The call bcanputnext(q, 0); is equivalent to the call canputnext(q);.
Note - A service procedure must process all messages in its queue unless flow control prevents this.
A service procedure must continue processing messages from its queue until getq(9F) returns NULL. When an ordinary message is queued by putq(9F), the service procedure is scheduled only if the queue was previously empty, and a previous getq(9F) call returns NULL (that is, the QWANTR flag is set). If there are messages in the queue, putq(9F) presumes the service procedure is blocked by flow control and the procedure is automatically rescheduled by STREAMS when the block is removed. If the service procedure cannot complete processing as a result of conditions other than flow control (for example, no buffers), it must ensure a later return (for example, by bufcall(9F)) or discard all messages in the queue. If this is not done, STREAMS never schedules the service procedure to be run unless the queue's put procedure queues a priority message with putq(9F).
Note - High-priority messages are discarded only if there is already a high-priority message on the stream head read queue. That is, there can be only one high-priority message (PC_PROTO) present on the stream head read queue at any time.
putbq(9F) replaces a message at the beginning of the appropriate section of the message queue according to its priority. This might not be the same position at which the message was retrieved by the preceding getq(9F). A subsequent getq(9F) might return a different message.
putq(9F) checks only the priority band in the first message. If a high-priority message is passed to putq with a nonzero b_band value, b_band is reset to 0 before placing the message in the queue. If the message is passed to putq(9F) with a b_band value that is greater than the number of qband(9S)structures associated with the queue, putq(9F) tries to allocate a new qband(9S) structure for each band, up to and including the band of the message.
rmvq and insq work similarly.

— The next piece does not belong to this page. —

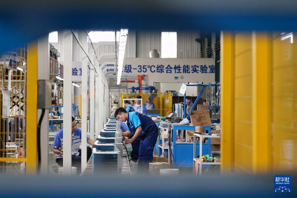 9月21日,工人在山东中科蓝天科技有限公司全自动智能生产线组装空气能热泵。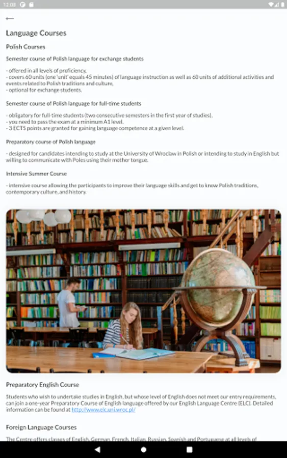 Welcome to the Junglebook app of the University of Wrocław. Here you will findall the information you need to get started and to settle into the Wrocławcommunity, whether you are a new or a prospective student, a short-termmobility visitor, conference participant, or you’re just here for a semester or two.Download the app to effortlessly navigate your way around the campus, accessinformation about being a student in Poland, or explore the cultural offer of thecity. This Junglebook is your compass for discovering how to get involved withUniversity life, opportunities, and events. Get the information you need to makethe most of your UWr experience!Features:- Guides and checklists covering everything you need to do once you arrive,- Practical information about the dormitories, housing, and getting aroundWrocław,- A map of buildings, services, and other points of interest on and off-campus,- A bucket list of the most important touristic must-sees,- Useful Polish phrases,- Advice on where to look for further help and support.

If you try to insert a message out of order in a queue with insq(9F), the message is not inserted and the routine fails.
putq(9F) does not schedule a queue if noenable(9F) was previously called for the queue. noenable(9F) forces putq(9F) to queue the message when called by this queue, but not to schedule the service procedure. noenable(9F) does not prevent the queue from being scheduled by a flow control back-enable. The inverse of noenable(9F) is enableok(9F).
The service procedure is written using the following algorithm:
while ((bp = getq(q)) != NULL) { if (queclass (bp) == QPCTL) { /* Process the message */ putnext(q, bp); } else if (bcanputnext(q, bp->b_band)) { /* Process the message */ putnext(q, bp); } else { putbq(q, bp); return; } }
If the module or driver ignores priority bands, the algorithm is the same as described in the previous paragraphs, except that canputnext(q) is substituted for bcanputnex(q, bp->b_band).
qenable(9F), another flow-control utility, enables a module or driver to cause one of its queues, or another module's queues, to be scheduled. qenable(9F) can also be used to delay message processing. An example of this is a buffer module that gathers messages in its message queue and forwards them as a single, larger message. This module uses noenable(9F) to inhibit its service procedure and queues messages with its put procedure until a certain byte count or “in queue” time has been reached. When either of these conditions is met, the module calls qenable(9F) to cause its service procedure to run.
Another example is a communication line discipline module that implements end-to-end (for example, to a remote system) flow control. Outbound data is held on the write side message queue until the read side receives a transmit window from the remote end of the network.
Note - STREAMS routines are called at different priority levels. Interrupt routines are called at the interrupt priority of the interrupting device. Service routines are called with interrupts enabled (so that service routines for STREAMS drivers can be interrupted by their own interrupt routines).